On an 8GB RAM CPU-only machine, model fit is decided by responsiveness and memory headroom before benchmark prestige. In this run, 0.5B to 1.5B models stayed comfortable, qwen2.5:3b was still usable, and qwen2.5:7b crossed into “it works, but I would not recommend it as the default” territory.

Install first

qwen2.5:0.5b

Daily lightweight chat

gemma3:1b

1B comparison

llama3.2:1b or qwen2.5:1.5b

Stretch only

qwen2.5:3b

Test method

How this Ollama 8GB RAM test was measured

One constrained runtime

All six model tags ran inside the same Docker container capped at 8GiB RAM with no GPU passthrough.

One fixed prompt

Each model answered the same practical local-assistant prompt with temperature 0, num_ctx 2048, and num_predict 128.

One measured speed formula

Tokens per second uses Ollama returned eval_count divided by eval_duration, not a hand-timed impression.

Memory and speed together

A model only counts as recommended when it leaves useful headroom and still answers quickly enough for casual work.

Fixed prompt

The prompt asked for a concise six-bullet recommendation for running a private local AI assistant on an 8GB RAM CPU-only laptop, including model size, context length, and what to avoid.

temperature: 0
num_predict: 128
num_ctx: 2048
speed: eval_count / eval_duration from Ollama
memory: docker stats after each model run

Screenshot of the local Ollama API model list showing qwen2.5:0.5b and qwen3:4b — Computer Use opened the live local Ollama API at 127.0.0.1:11434/api/tags on this Mac; the screenshot shows qwen2.5:0.5b after the pull completed.

Raw Docker inspect and stats output proving an 8GiB memory limit and no GPU request — Docker inspect and stats show Memory=8589934592, MemorySwap=8589934592, and GPURequests=null.
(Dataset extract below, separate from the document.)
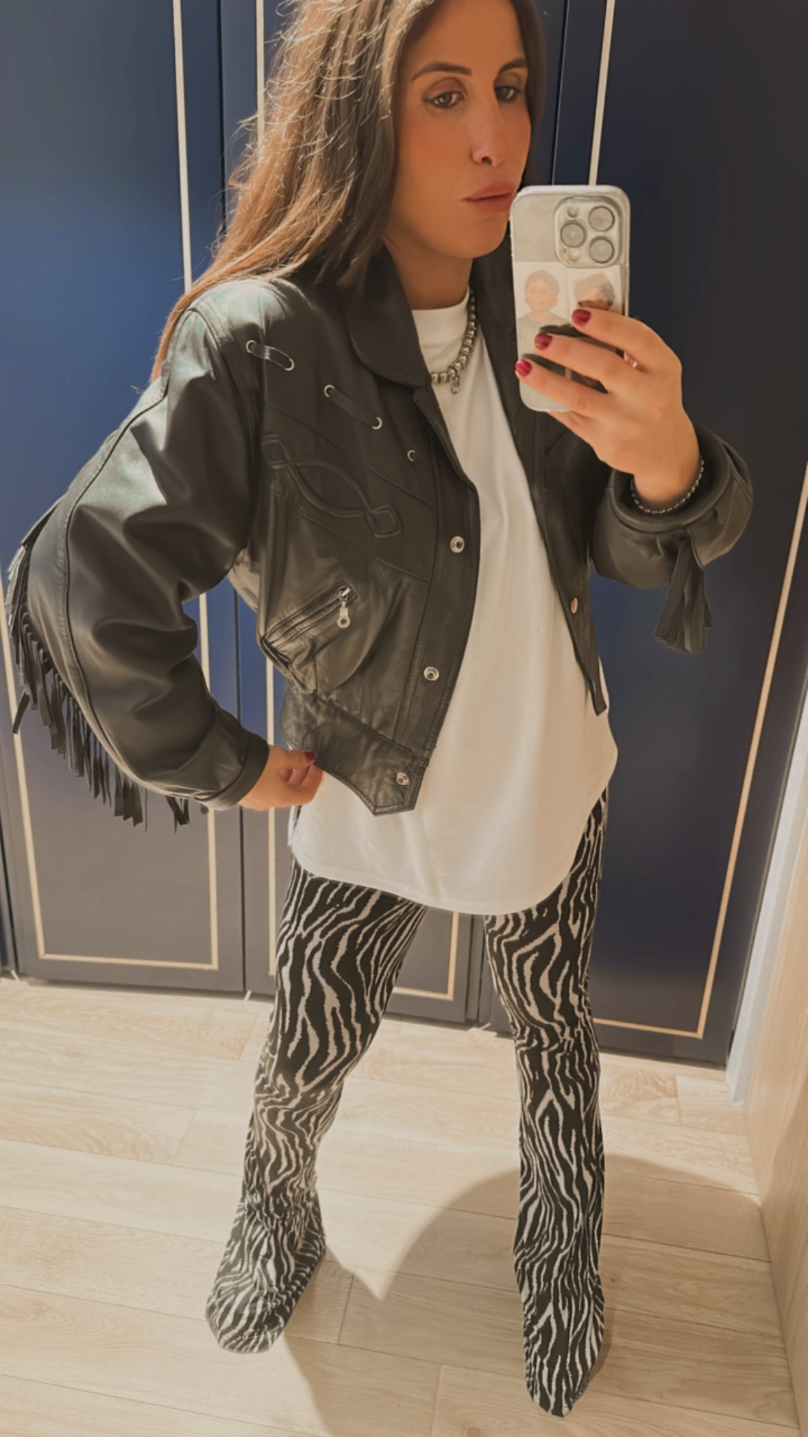 - Détails : franges au dos et sur les manches, œillets décoratifs, poches zippées

Raw Ollama model list showing six tested model tags inside the 8GiB container — The tested model list was captured inside the same Ollama container before the article was written.

Results

Tested Ollama models for 8GB RAM

The table ranks the models by practical fit, not just size. A 7B model that loads but takes 30 seconds for 128 generated tokens is less useful than a smaller model that leaves the computer responsive.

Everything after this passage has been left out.